IN A scuzzy township in Western Australia, 15-year-old Jaxie Clackton wishes his brutal drunk of a father was dead — until he finds his dad’s body in the garage under a pick-up truck. Then, he fears that he’s in trouble. “They’ll say I kicked the jack out from under the roo bar and crushed his head like a pig melon. It all points to me.”
Grabbing all he can carry, he sets off on foot northwards, towards sun-scorched wilderness. His mother having previously died of cancer, he is now utterly alone. His desperate aim is to locate his true love, hundreds of miles away: the only person who has ever fully understood him.
Tim Winton’s ten novels are earthed in the Australian landscape, and his characters speak in the salty vernacular of the land.
Here, he has created two extraordinary literary figures. The first is Jaxie, the imaginatively foul-mouthed, teenage cynic whose damaging life experience makes him believe that the world is out to get him. But beneath this carapace is a lost boy, longing for love, and some kind of peace.
On his flight — hidden among the outback scrub, in a corrugated-iron shed, the eponymous shepherd’s hut — Jaxie stumbles across the book’s second vivid figure, Fintan MacGill: an elderly, disgraced priest, who has been marooned to serve penance. His former transgressions are unspecified, though they have nothing to do with abuse.
Where Jaxie is taciturn and monosyllabic, the priest is overpoweringly voluble. While Jaxie is exercised by the profane and the particular, Fintan is enthralled, like some Desert Father, by the sacred and universal. The eccentric relationship between these two exiles is the beating heart of the book.

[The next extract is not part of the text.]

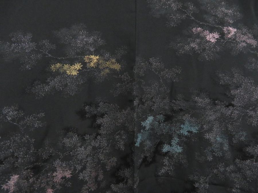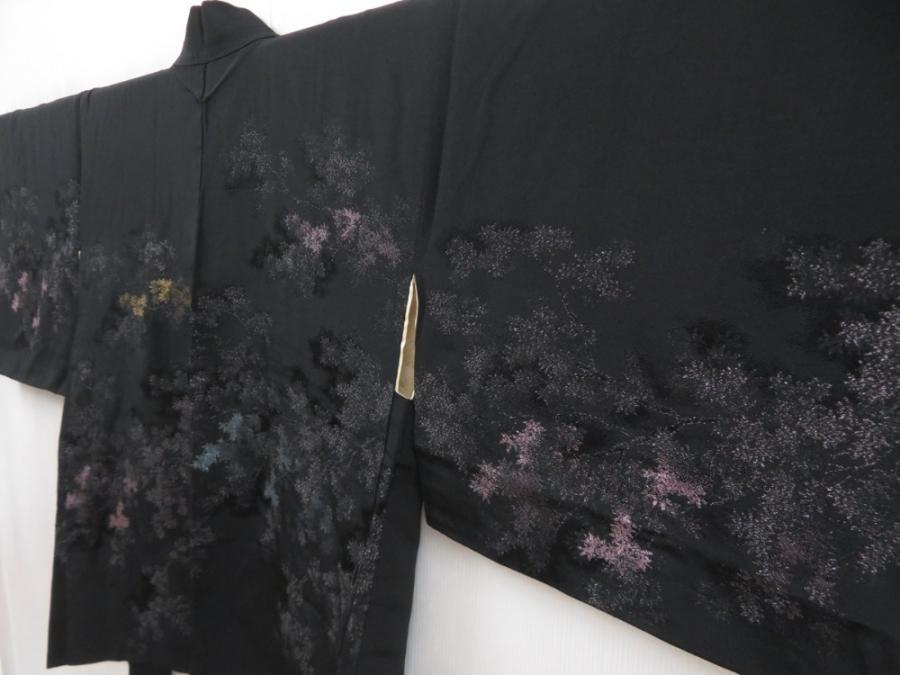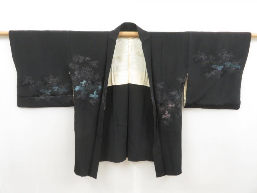 5816T09z520 Vintage Japanese Kimono Silk HAORI Trees Black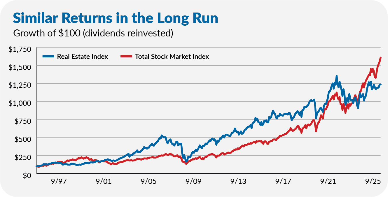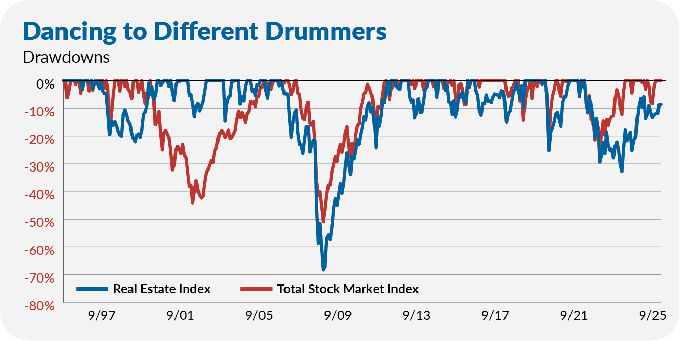 At times—like during the Global Financial Crisis and COVID-19—real estate and stocks have fallen together. But that hasn’t always been the case. For example, in the late 1990s, real estate was in a bear market (down about 20%), while stocks hit record highs. The two assets reversed positions when the tech bubble burst in 2000–2002.

As ever in Winton’s work there is another character. Place. There is a giant salt lake near their encampment: “A place so empty a fella’s thoughts come back from it as echoes.” A spiral of standing stones, placed by aboriginal people in antiquity, gives the site a sense of eternity. The old priest says: “Everything that has ever happened here is still present now . . . it says to me: Here I am, son, still here. I was here before the likes of you and yours were born. Before you even drew breath, I am.”
But this is not a novel composed of campfire philosophical discourse. It has the pace and jeopardy of a thriller. The health and life of Jaxie and Fintan are under threat, and there are decisions to make. Jaxie’s sense of mission drives the narrative on. It’s difficult, and dark, but a hugely invigorating read: as good a novel as Winton has ever written, which is saying something. Hopeful, too — though the grace is spoken in four-letter words.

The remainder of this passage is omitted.